Answer: A private AKS cluster disables the public endpoint of the API server. The API server gets a private IP from your VNet instead. Access is only possible from within the VNet or through VPN/ExpressRoute. This is required for strict compliance environments where the control plane must not be internet-accessible. You enable it with --enable-private-cluster during creation.

Q16: Explain DNS resolution inside AKS.

Answer: CoreDNS runs as pods in kube-system and provides DNS for the cluster. All pods have /etc/resolv.conf pointing to the CoreDNS ClusterIP (typically 10.0.0.10). A service myservice in namespace myns resolves as myservice.myns.svc.cluster.local. CoreDNS can be customized with ConfigMaps for forwarding external domains to custom DNS servers.

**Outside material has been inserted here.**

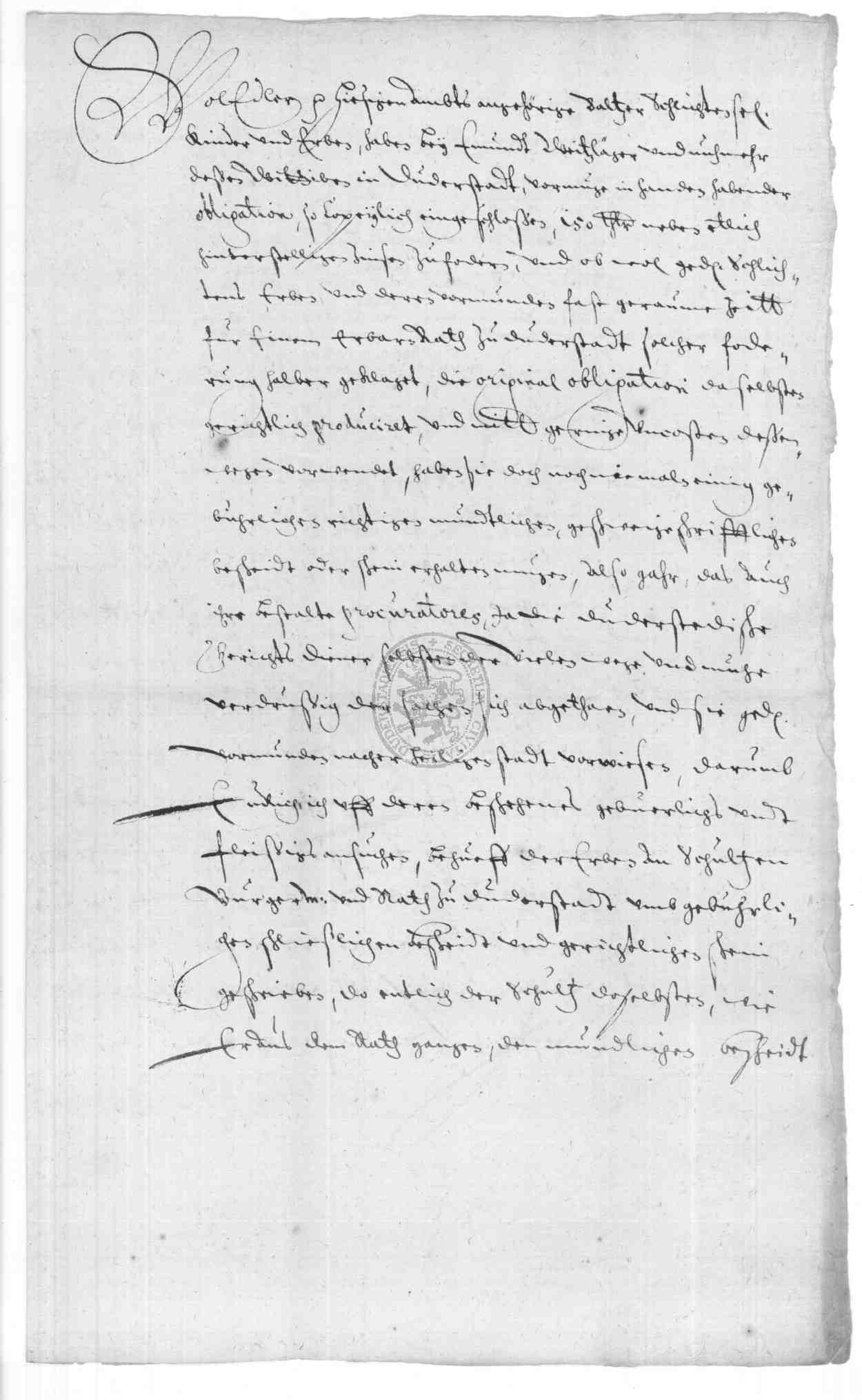 | Regest: | Fürstliche Kanzlei zu Osterode schreibt an den Rat in einer Streitsache der Kinder des verstorbenen Balthasar Schlichten zu Ebergötzen gegen den Bürger Edmund Witschleger |

Q17: How do you expose a service externally on AKS?

Answer: Three ways, from simplest to most production-ready:

Service type LoadBalancer: Azure creates a public LB with a public IP. Quick, but each service gets its own IP.
Ingress Controller (NGINX/Traefik): One LB + Ingress rules for path/host routing. Most common.
Azure Application Gateway Ingress Controller (AGIC): Uses Azure's L7 load balancer natively. Supports WAF, autoscaling, and SSL offloading.

Q18: What is the difference between ClusterIP, NodePort, and LoadBalancer service types?

Answer:

Type	Accessible From	Use Case
ClusterIP	Inside the cluster only	Internal microservice communication
NodePort	Node IP + high port (30000-32767)	Testing, rarely used in prod on AKS
LoadBalancer	External via Azure LB	Production external traffic

📈 Section 3 — Scaling & Performance (Questions 19–24)

Q19: What is the Cluster Autoscaler and how does it work?

Answer: The Cluster Autoscaler watches for pods that can't be scheduled due to insufficient resources. When it finds pending pods, it tells Azure to add nodes to the VMSS (scale-out). When nodes are underutilized for 10+ minutes, it removes them (scale-in). It respects PodDisruptionBudgets during scale-in. Configure with --enable-cluster-autoscaler --min-count 2 --max-count 10.

Q20: How do HPA and Cluster Autoscaler work together?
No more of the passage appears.